Have they? VRR support in Linux is still a total crapshoot in my experience. VRR doesn't work at all with multiple displays in X.

[-] LoafyLemon@kbin.social 8 points 1 year ago

I switched to Wayland and everything has been working smoothly.

[-] Nilz@sopuli.xyz 4 points 1 year ago

Which DE? I am using Plasma and notice some weird things like flickering screen when I am playing YouTube videos in Fullscreen with VRR.

[-] Chickerino@feddit.nl 4 points 1 year ago

is this an nvidia moment?

[-] Zaphod@discuss.tchncs.de 2 points 1 year ago

I'm using Wayland KDE Plasma as well and have no issues (on an AMD GPU)

[-] PHLAK@lemmy.world 8 points 1 year ago

X is legacy software that just needs to die.

And don't even get me started on the window and compositing manager with the same name.

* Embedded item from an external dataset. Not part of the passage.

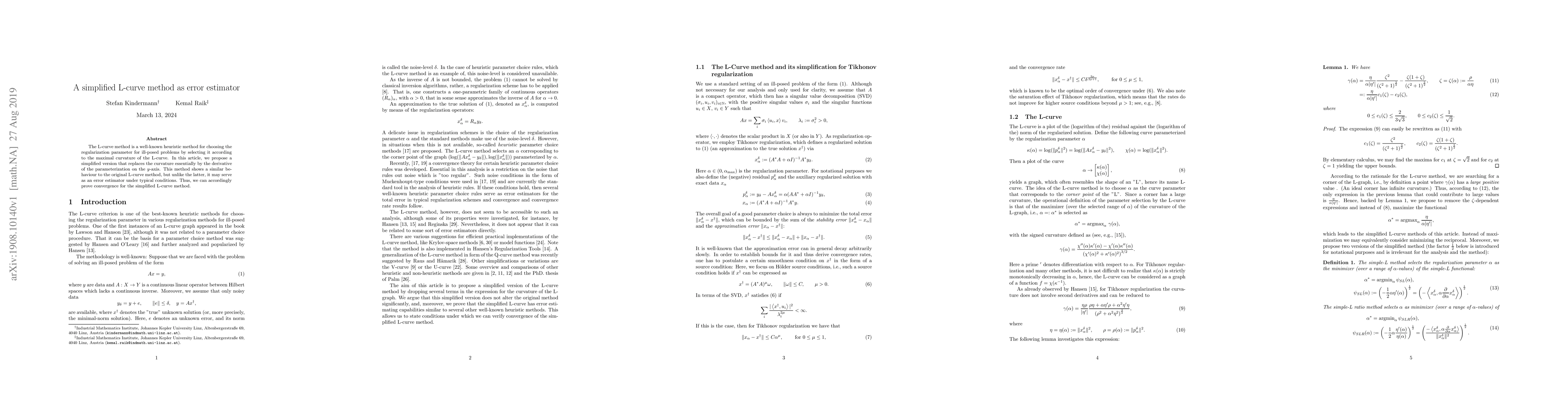 The L-curve method is a well-known heuristic method for choosing the regularization parameter for ill-posed problems by selecting it according to the maximal curvature of the L-curve. In this article, we propose a simplified version that replaces the curvature essentially by the derivative of the parameterization on the $y$-axis. This method shows a similar behaviour to the original L-curve method, but unlike the latter, it may serve as an error estimator under typical conditions. Thus, we can accordingly prove convergence for the simplified L-curve method.

[-] ryannathans@lemmy.fmhy.net 4 points 1 year ago

Using x is the problem here

[-] MooseBoys@lemmy.world 3 points 1 year ago

Is this a joke? X can’t do VRR at all and I have yet to find a Wayland DE that doesn’t require a separate server pinned to each monitor. And neither support HDR.

[-] LoafyLemon@kbin.social 2 points 1 year ago* (last edited 1 year ago)

Xorg works fine with VRR on a single display although no one should use Xorg, it's legacy software and no longer in development.

Wayland VRR works out of the box with most popular DEs like KDE or Gnome.

HDR can be added to gamescope, but be aware it's still considered experimental.

AMD experience was nothing but flawless, only Nvidia was buggy due to their drivers, but they're preparing Wayland support soon.

[-] MooseBoys@lemmy.world 2 points 1 year ago* (last edited 1 year ago)

Wayland VRR works out of the box with most popular DEs like KDE or Gnome

Neither KDE nor GNOME even detect either of my 144Hz panels as capable of it. Logs indicate that amdgpu failed to parse their EDIDs. Forcing the mode with a kernel command option causes link training to fail altogether. Meanwhile, the exact same system, panels, and cables running Windows works perfectly.

AMD experience was nothing but flawless

See above. I’ve also tried NVDIA and had the same experience - neither HDR high-refresh panel are usable in Linux, but both work on Windows.

Plus there’s the fact that about 50% of the time, when the panels power off from idle, they never come back on. This is apparently a known issue on AMD that’s been around for years but nobody seems to care to fix - everyone just says to disable screen blanking.

And don’t even get me started on heterogenous DPI.